If we draw a quick histogram of this…

tibble(iq) %>% ggplot(aes(x = iq)) + geom_histogram() + theme_bw()

… it’s pretty obvious that you can’t tell much about the distribution. So let’s increase the sample size to 1000:

iq <- rnorm(n = 1000, mean = 100, sd = 15) %>% round
tibble(iq) %>% ggplot(aes(x = iq)) + geom_histogram() + theme_bw()

That looks a lot more like the shape we were expecting!

19.4.2 Probability density

Much like the binomial distribution you can imagine that as the sample size gets larger, this shape will smooth out and it will eventually look like a perfect bell curve. As before there is a formula that describes the probability density:

\[ P(x | \mu, \sigma) = \frac{1}{\sqrt{2\pi} \sigma} \exp \left( -\frac{(x-\mu)^2}{2\sigma^2} \right) \] Just like with the dbinom function, we could implement our own version of it if we really wanted. But why bother? R already does this and does it in a much more efficient way than you or I would. So let’s cut to the chase and use the dnorm function to do the work:

iq_score <- 40:160
density <- iq_score %>% dnorm(mean = 100, sd = 15)
density <- ifelse(density < 1e-4, 1e-4, density)

tibble(iq_score, density) %>%
  ggplot(aes(x=iq_score,y=density)) +
  geom_area() +

You’re probably already familiar with how the parameters of the normal distribution work, but even so it’s nice to look at some pretty animations. In the first one, we can see what happens when we shift the mean (i.e. \(\mu\)) of the distribution:

Not too surprising. It’s maybe a little more informative to look at what happens when we change the standard deviation \(\sigma\):

19.4.3 Cumulative probability

The third tool for working with normal distributions is the pnorm() function, which calculates the cumulative distribution function (CDF) for the normal distribution. The CDF describes the probablity that the value \(x\) sampled from the normal distribution will be smaller than a particular quantile \(q\). That’s a little abstract, but suppose our question was to ask the probability that someone has an IQ of 110 or below. We could compute that like this:

pnorm(q = 110, mean = 100, sd = 15)
## [1] 0.7475075

In other words, if an IQ test has been properly calibrated you’d expect about 75% of people to score 110 or below. As with our other examples we can draw the complete CDF for the distribution like this:

iq_score <- 40:160
cumulative_probability <- iq_score %>% pnorm(mean = 100, sd = 15)

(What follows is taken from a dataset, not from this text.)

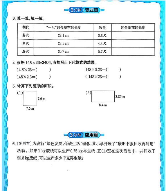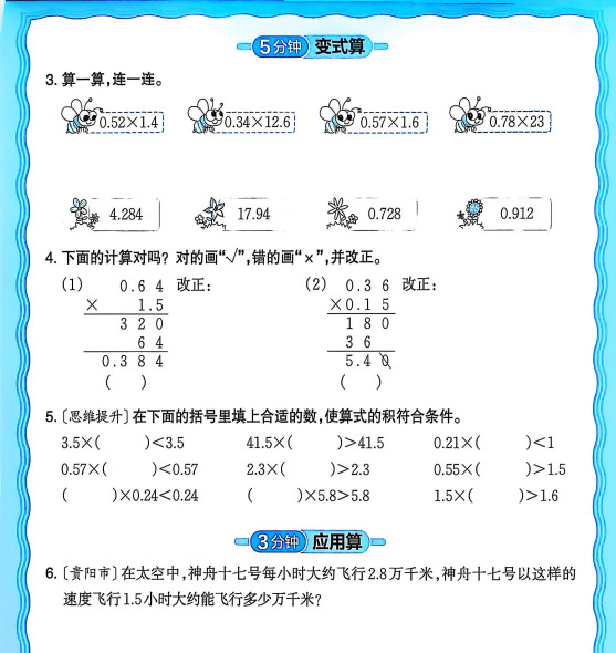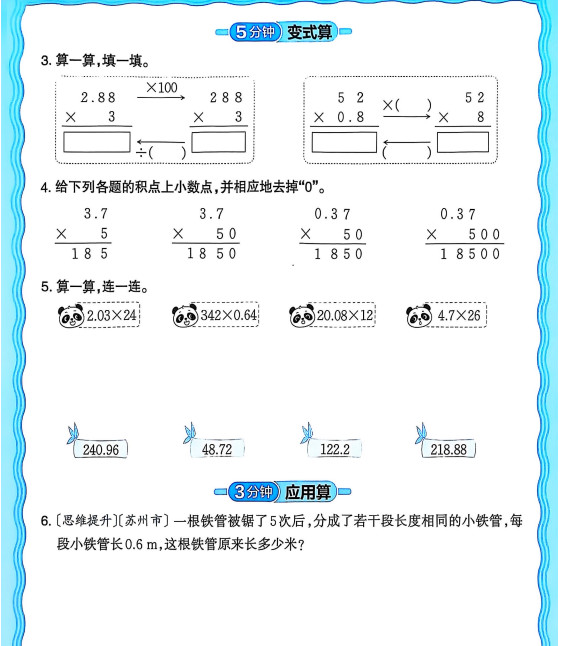 新版人教版数学五年级上册活页计算ST2XM0805

tibble(iq_score, cumulative_probability) %>%
  ggplot(aes(x = iq_score, y = cumulative_probability)) +
  geom_line() +

Just because we can, here’s an animation:

19.4.4 Quantiles

The quantile function is just the inverse of the cumulative distribution (i.e., x and y axes are swapped):

cumulative_probability <- seq(from = .01, to = .99, by = .01)
quantile <- cumulative_probability %>% qnorm(mean = 100, sd = 15)

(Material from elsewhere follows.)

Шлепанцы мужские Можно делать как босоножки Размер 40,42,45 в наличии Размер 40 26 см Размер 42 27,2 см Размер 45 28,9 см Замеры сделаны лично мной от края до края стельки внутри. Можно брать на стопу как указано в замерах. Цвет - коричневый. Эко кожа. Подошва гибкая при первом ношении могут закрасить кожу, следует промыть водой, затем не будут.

tibble(quantile, cumulative_probability) %>%
  ggplot(aes(x = cumulative_probability, y = quantile)) +
  geom_line() +

The quantile function can be especially useful for working out critical values. So for example, to work out the value of a standard normal that corresponds to the 2.5% lower tail:

qnorm(p = .025, mean = 0, sd = 1)
## [1] -1.959964

19.5 Other distributions

Not yet written!

19.5.1 Poisson distribution

19.5.2 Log-normal distribution

19.5.3 Response time distribution

19.5.4 Uniform distribution

19.5.5 Beta distribution

19.5.6 t distribution

19.5.7 Chi-square distribution

19.5.8 F distribution

  1. The letters vector is a built in vector in R that contains the 26 lower case letters of the English alphabet in canonical order. There is also a LETTERS vector that has the upper case letters.